7. Conclusion & Reflections
-
Conclusion Summary:
The paper introduces Training-Free GRPO, a novel and highly practical paradigm for enhancing LLM agent performance. By shifting RL-style policy optimization from the expensive parameter space to the lightweight context space, it effectively addresses the key limitations of traditional agent fine-tuning. The method leverages an LLM's own reasoning capabilities to distill semantic advantages from group rollouts, iteratively building an experiential knowledge base that guides a frozen model's behavior. The results show that this approach is not only orders of magnitude cheaper and more data-efficient but also leads to superior performance and better generalization compared to fine-tuning smaller models.
-
Limitations & Future Work:
The paper does not explicitly list its limitations, but some can be inferred:
- Dependence on a Strong Base Model: The experiments show that the method's effectiveness is highly dependent on the capability of the underlying frozen LLM. As seen with
QwQ-32B
on web tasks, if the base model lacks fundamental reasoning or tool-use skills, providing it with experiences may not be sufficient to elicit good performance.
- Inference Overhead: Including the experiential knowledge library in every prompt increases the context length. This can lead to higher per-query API costs and increased latency, which might be a concern for high-throughput applications. However, the paper argues this is offset by the elimination of fixed GPU serving costs.
- Scalability of the Experience Library: The paper does not explore how the system behaves as the experience library grows very large. An overly large set of experiences could potentially become noisy or computationally burdensome for the LLM to process effectively in-context.
- Complexity of the Controller: The process of updating the experience library relies on another LLM call. The quality and consistency of this "controller" LLM are critical to the learning process and could be a potential point of failure.
-
Personal Insights & Critique:
This paper presents a compelling and pragmatic solution to a significant real-world problem. The core idea of "optimizing the context, not the weights" is elegant and leverages the unique strengths of modern LLMs.
- Novelty: The concept of "semantic advantage" is a clever translation of a core RL principle into the natural language domain. It essentially turns the optimization process into a meta-reasoning task that LLMs are well-suited for.
- Practical Impact: This approach could democratize the development of specialized LLM agents.
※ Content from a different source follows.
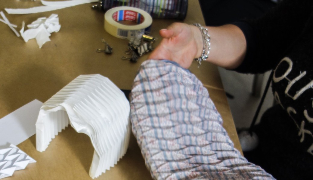 L’atelier débutera avec une introduction pour découvrir les applications insoupçonnées du pliage, ses matières et ses techniques, en particulier le plissage textile. De là, nous apprendrons à plier plusieurs motifs, d’abord en papier puis en textile : pli parallèle, Yoshimura et chevron. L’utilisation de «

Instead of requiring massive GPU clusters for fine-tuning, organizations could adapt powerful API-based models for their specific needs using small, curated datasets and this lightweight learning process.
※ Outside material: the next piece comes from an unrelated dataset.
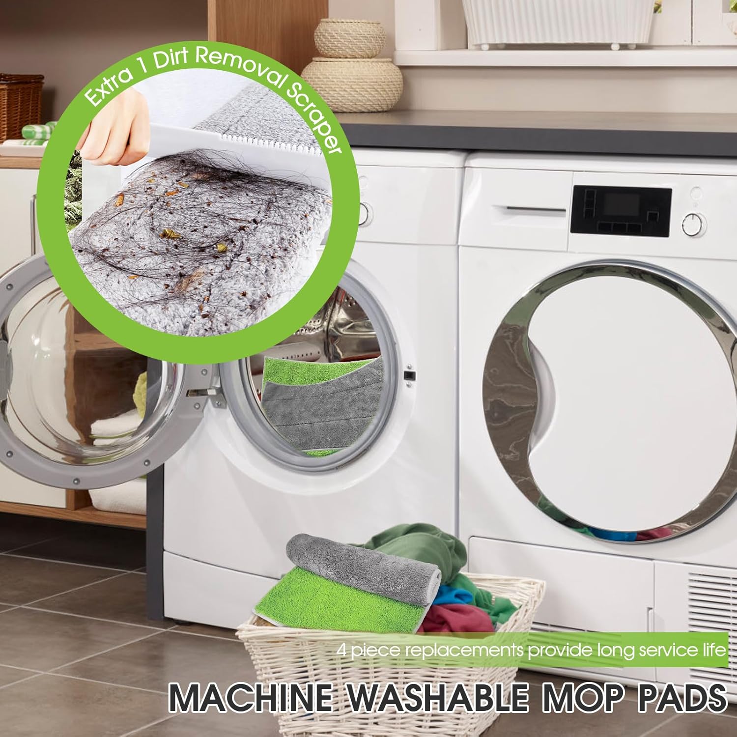 - 【4 Double-sided Microfiber Pads】Flat mop come with 4 washable and reusable microfiber mop pads. The chenille fabric has good water absorption and is ideal for dry mopping, while the microfiber mop pad is perfect for deep cleaning. It also includes a dirt removal scraper for easy cleaning.

- Future Directions: This paradigm opens up many exciting avenues. The experience library could be structured hierarchically, or a retrieval mechanism could be used to select only the most relevant experiences for a given query, mitigating the context length issue. Furthermore, the process of distilling semantic advantage could itself be refined to produce even more potent and generalizable insights. Overall, Training-Free GRPO is a significant step towards making advanced agentic AI more accessible, efficient, and adaptable.